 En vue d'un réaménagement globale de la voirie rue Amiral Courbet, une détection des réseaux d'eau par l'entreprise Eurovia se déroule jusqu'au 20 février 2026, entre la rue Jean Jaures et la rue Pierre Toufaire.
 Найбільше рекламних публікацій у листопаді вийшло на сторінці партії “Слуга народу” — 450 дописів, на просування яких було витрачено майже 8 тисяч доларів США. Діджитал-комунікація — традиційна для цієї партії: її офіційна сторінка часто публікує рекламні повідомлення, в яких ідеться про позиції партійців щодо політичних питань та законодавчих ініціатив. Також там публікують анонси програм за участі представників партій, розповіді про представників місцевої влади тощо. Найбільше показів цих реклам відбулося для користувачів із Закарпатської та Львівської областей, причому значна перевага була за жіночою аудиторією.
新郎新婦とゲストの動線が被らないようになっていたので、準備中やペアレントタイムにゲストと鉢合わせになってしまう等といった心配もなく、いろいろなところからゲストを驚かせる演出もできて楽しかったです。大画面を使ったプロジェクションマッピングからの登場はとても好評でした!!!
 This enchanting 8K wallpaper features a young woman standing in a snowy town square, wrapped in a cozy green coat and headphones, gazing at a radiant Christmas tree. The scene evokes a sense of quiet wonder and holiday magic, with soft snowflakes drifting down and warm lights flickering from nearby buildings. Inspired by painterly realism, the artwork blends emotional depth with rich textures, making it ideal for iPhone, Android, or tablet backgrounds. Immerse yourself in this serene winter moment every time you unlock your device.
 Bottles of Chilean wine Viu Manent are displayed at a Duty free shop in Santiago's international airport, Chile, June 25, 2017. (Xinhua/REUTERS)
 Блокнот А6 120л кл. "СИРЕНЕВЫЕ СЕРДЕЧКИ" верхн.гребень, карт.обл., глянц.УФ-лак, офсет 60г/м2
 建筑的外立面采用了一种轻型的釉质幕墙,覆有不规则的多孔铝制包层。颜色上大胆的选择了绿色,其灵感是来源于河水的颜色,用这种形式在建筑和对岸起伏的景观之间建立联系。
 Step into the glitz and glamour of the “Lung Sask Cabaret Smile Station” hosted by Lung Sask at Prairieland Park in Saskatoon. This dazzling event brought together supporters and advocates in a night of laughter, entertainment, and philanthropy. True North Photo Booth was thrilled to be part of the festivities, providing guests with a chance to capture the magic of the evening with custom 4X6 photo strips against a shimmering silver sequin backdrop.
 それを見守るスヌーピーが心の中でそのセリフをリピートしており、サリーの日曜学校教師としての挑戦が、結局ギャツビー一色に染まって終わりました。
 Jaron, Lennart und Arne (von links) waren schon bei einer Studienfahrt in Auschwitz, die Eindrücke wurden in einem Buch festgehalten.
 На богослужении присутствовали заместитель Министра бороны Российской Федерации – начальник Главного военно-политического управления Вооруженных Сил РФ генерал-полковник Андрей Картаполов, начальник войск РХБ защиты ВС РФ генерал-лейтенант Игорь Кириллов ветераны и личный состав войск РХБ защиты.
◇ ◇ ◇ ◇ ◇
# Problem requirements
Quote exactly the first line of the data and every line after it through the one holding "新郎新婦とゲストの動線が被ら".

# Response below
 En vue d'un réaménagement globale de la voirie rue Amiral Courbet, une détection des réseaux d'eau par l'entreprise Eurovia se déroule jusqu'au 20 février 2026, entre la rue Jean Jaures et la rue Pierre Toufaire.
 Найбільше рекламних публікацій у листопаді вийшло на сторінці партії “Слуга народу” — 450 дописів, на просування яких було витрачено майже 8 тисяч доларів США. Діджитал-комунікація — традиційна для цієї партії: її офіційна сторінка часто публікує рекламні повідомлення, в яких ідеться про позиції партійців щодо політичних питань та законодавчих ініціатив. Також там публікують анонси програм за участі представників партій, розповіді про представників місцевої влади тощо. Найбільше показів цих реклам відбулося для користувачів із Закарпатської та Львівської областей, причому значна перевага була за жіночою аудиторією.
新郎新婦とゲストの動線が被らないようになっていたので、準備中やペアレントタイムにゲストと鉢合わせになってしまう等といった心配もなく、いろいろなところからゲストを驚かせる演出もできて楽しかったです。大画面を使ったプロジェクションマッピングからの登場はとても好評でした!!!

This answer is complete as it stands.